His brother, Tom and Susan McHugh, the retired superintendent of Polk County public schools, are also organizing opposition. When John mentions putting a flier in every mailbox in the area, Tom responds, “Susan’s already got that taken care of.”
“I don’t know if they’ve ever been down here,” John said. “It doesn’t look like there’s anybody down but there are a dozen or more houses out this road (Knight Road), there are four or five down Macedonia Road. There’s quite a lot of people in here and most of us came in here because we liked being back where there is nothing.”
The owners, the Laheis heirs, listed the property at $900,000, McHugh said. The county expects to offer less than that, Wyatt told the commissioners.
“They haven’t used the property in probably 20, 30 years. They put in on the market probably about a year ago and nobody but nobody had nibbled according to what I heard,” McHugh said.
Buying the land would not be the end of the process. A firing range is permitted with a special-use permit under the county’s land-use code, meaning it would need the OK of the Zoning Board of Adjustment. John McHugh said the facility would contain government offices, a use he said is prohibited in the land’s R-3 zoning.
Tom McHugh, 72, said his message to commissioners would be, “Back off.”
“We’re not even sure the county commissioners know much about it all,” he said. “We suspect the county manager and the sheriff are trying to do something to try to help the sheriff get re-elected.”
“There’s no need for it in the first place. Why does Henderson County need their own training facility? Buncombe County’s got a brand new one,” he said. “They’ll be glad to share it for a small fee. In Shelby there’s a statewide one vacant waiting for people to make reservations less than an hour away. And in Georgia there’s a federal range, which is done by reservation. It makes no sense. Why should Henderson County pay for it?”
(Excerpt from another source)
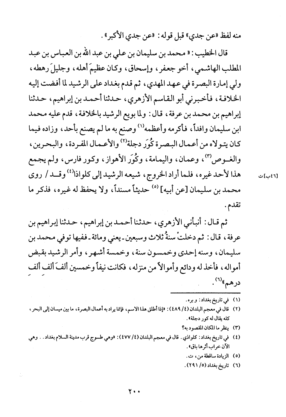 قَالَ الْخَطِيب: " مُحَمَّد بن سُلَيْمَان بن عَليّ بن عبد الله بن الْعَبَّاس بن عبد الْمطلب الْهَاشِمِي، أَخُو جَعْفَر، وَإِسْحَاق، وَكَانَ عَظِيم أَهله، وجليل رهطه، ولي إِمَارَة الْبَصْرَة فِي عهد الْمهْدي، ثمَّ قدم بَغْدَاد على الرشيد لما أفضت إِلَيْهِ الهلافة، فَأَخْبرنِي أَبُو الْقَاسِم الْأَزْهَرِي، حَدثنَا أَحْمد بن إِبْرَاهِيم، حَدثنَا إِبْرَاهِيم بن مُحَمَّد بن عَرَفَة، قَالَ: وَلما بُويِعَ الرشيد بالخلافة، قدم عَلَيْهِ مُحَمَّد ابْن سُلَيْمَان وافداً، فَأكْرمه وأعظمه وصنع بِهِ مَا لم يصنع بِأحد وزاده فِيمَا كَانَ يَتَوَلَّاهُ من أَعمال الْبَصْرَة كور دجلة والأعمال المفردة، والبحرين، والغوص، وعمان، واليمامة، وكور الأهواز، وكور فَارس، وَلم يجمع هَذَا لأحد غَيره، فَلَمَّا أَرَادَ الْخُرُوج، شيعه الرشيد إِلَى كلواذا وَقد / روى مُحَمَّد بن سُلَيْمَان [عَن أَبِيه] حَدثنَا مُسْندًا، وَلَا يحفظ لَهُ غَيره، فَذكر مَا تقدم.

In a statement last week praising the commissioners for their support, McDonald reiterated his reasons for the facility.

"It has always been my intention to have an outdoor facility that would allow more training opportunities as well as an indoor force options building that would allow ongoing and realistic training for deputies responding to crisis events," he said. "Recent incidents across our nation have only served to underscore the necessity of such training. We ask these men and women to respond to incredibly complex emergencies, exercising flawless critical problem-solving skills, when in many instances we have failed to properly prepare them. As your Sheriff I have, and always will, make every effort to provide the best possible training for all my personnel and I will do so with an eye toward the future as well as the present."
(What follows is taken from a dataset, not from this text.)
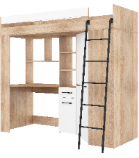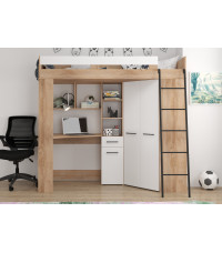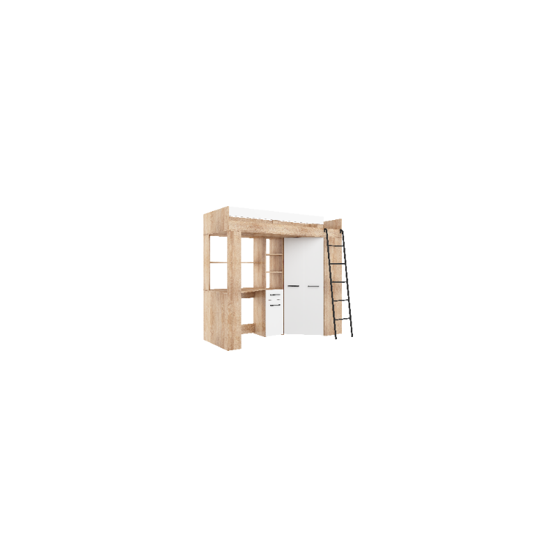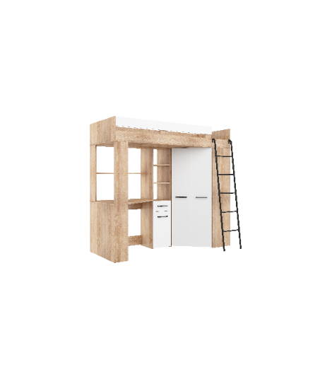Łóżko piętrowe Floor P z biurkiem i szafą Sonoma jasna/Biały

McDonald and Will Buie, a consulting engineer who would design the site plan for the project, are scheduled to meet with neighbors at the site, 2823 Macedonia Road, at 10 a.m. Saturday.

"This potential project is still in the study phase, as the county is taking all steps to ensure that the chosen location is indeed the most appropriate site for this training facility," said a letter to property owners signed by County Engineer Marcus Jones.
John McHugh sent an email to sheriff’s candidate Lowell Griffin, whose response, he said, was that the renewed effort to site the training center looked like “'an attempt to try to take the heat off the sheriff by getting this done' and that could very well be. They took a lot of heat over that $20 million-plus thing at the community college."